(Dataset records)
● ● ●

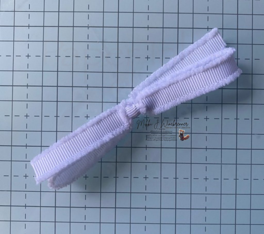 - Tie a large bow (approximately 3-1/2” long) with White Frayed ribbon. Attach that to the back of the sentiment piece with a glue dot and attach to the center of the cross with dimensionals double stacked.
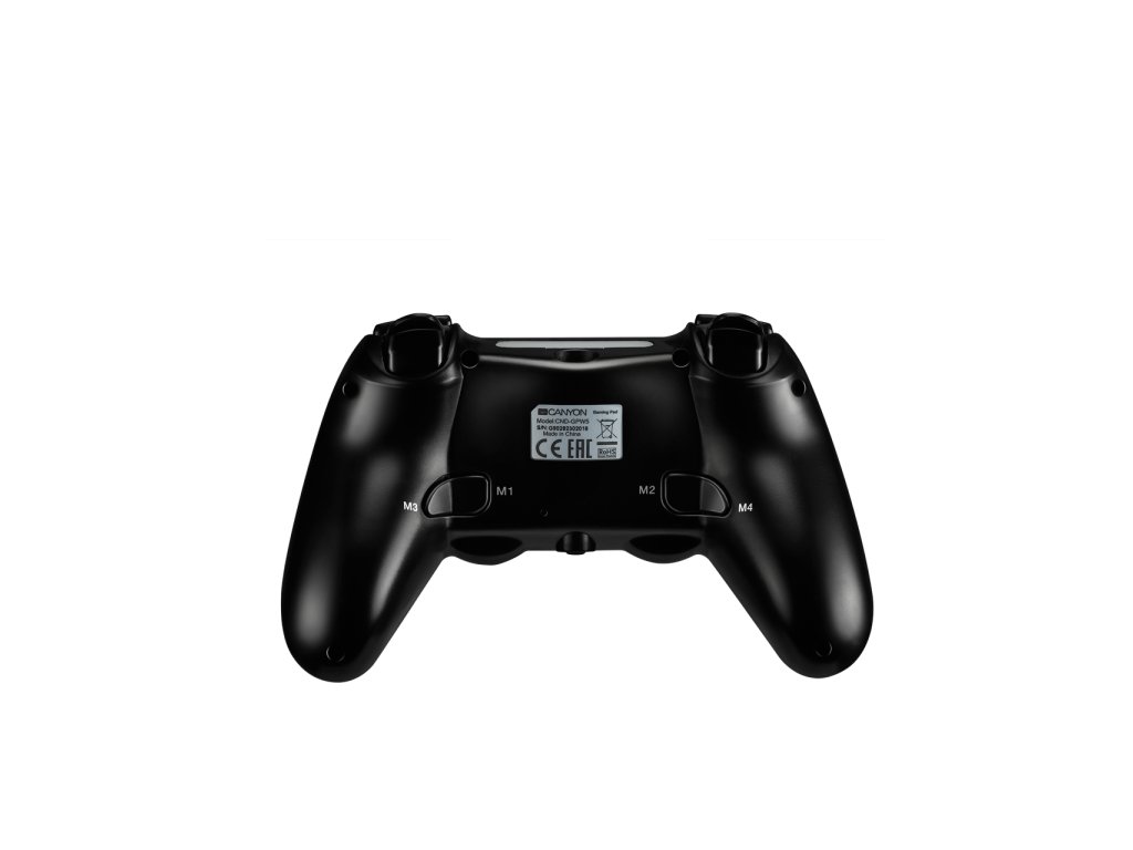 CANYON Bezdrátový gamepad s touchpadem pro PS4, 20 tlačítek, dosah bezdrátového připojení 10m, zabudovaný touchpad, vibrační odezva, turbo mód, makro funkce, chytré LED podscícení, kompatibilita s Playstation 4
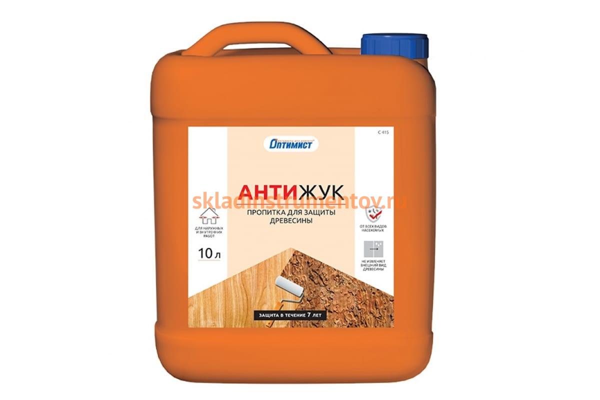 Пропитка Оптимист Антижук для защиты древесины С415 10 л OPI000 применяется для обработки лесо- и пиломатериалов (брусьев, стропил, полов и других конструкций из древесины) с целью защиты от всех видов насекомых.
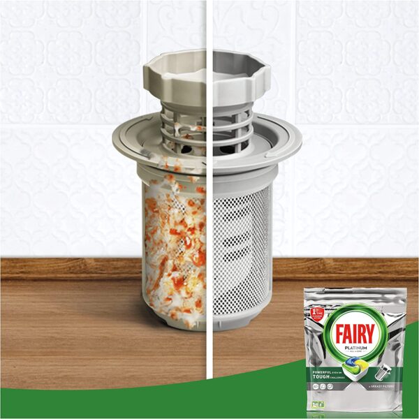 Fairy Platinum All in One dishwasher tablets deliver 1st time cleaning action and tackle even the tough cleaning challenges to get your dishes sparkly clean. Fairy Platinum has the cleaning power that gives you the confidence to cook anything you like, knowing it even takes care of your greasy filter for clean dishes and a fresh dishwasher. Fairy combines liquid and powder in one powerful capsule. Its ultra soluble pouch dissolves fast, so it starts cleaning quickly to get the job done. And they are so easy to use! No unwrapping needed, just place them in your dishwasher detergent dispenser.
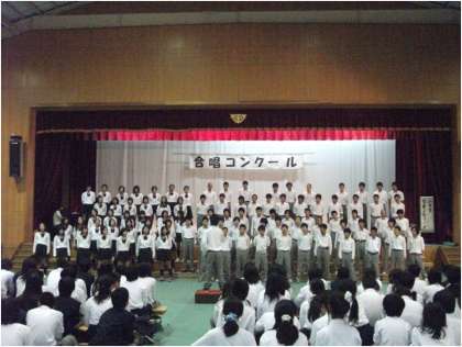 9月27日(火)に,合唱コンクールを行いました。各学年の金賞クラスは1年3組曲名は「マイバラード」,2年金賞は2年3組曲名は「心の瞳」,3年金賞は3年3・5組曲名は「伝えたい君に」でした。今年はその後に,各学年による学年合唱を行いました。そして教職員による合唱「旅立ちの日に」も行いました。

● ● ●

**Your goal**
Begin with the line containing "Пропитка Оптимист Антижук", stop at the last line of the records above, and copy every line in between exactly, both ends included, with no pictures.

**Solution to this problem**
 Пропитка Оптимист Антижук для защиты древесины С415 10 л OPI000 применяется для обработки лесо- и пиломатериалов (брусьев, стропил, полов и других конструкций из древесины) с целью защиты от всех видов насекомых.
 Fairy Platinum All in One dishwasher tablets deliver 1st time cleaning action and tackle even the tough cleaning challenges to get your dishes sparkly clean. Fairy Platinum has the cleaning power that gives you the confidence to cook anything you like, knowing it even takes care of your greasy filter for clean dishes and a fresh dishwasher. Fairy combines liquid and powder in one powerful capsule. Its ultra soluble pouch dissolves fast, so it starts cleaning quickly to get the job done. And they are so easy to use! No unwrapping needed, just place them in your dishwasher detergent dispenser.
 9月27日(火)に,合唱コンクールを行いました。各学年の金賞クラスは1年3組曲名は「マイバラード」,2年金賞は2年3組曲名は「心の瞳」,3年金賞は3年3・5組曲名は「伝えたい君に」でした。今年はその後に,各学年による学年合唱を行いました。そして教職員による合唱「旅立ちの日に」も行いました。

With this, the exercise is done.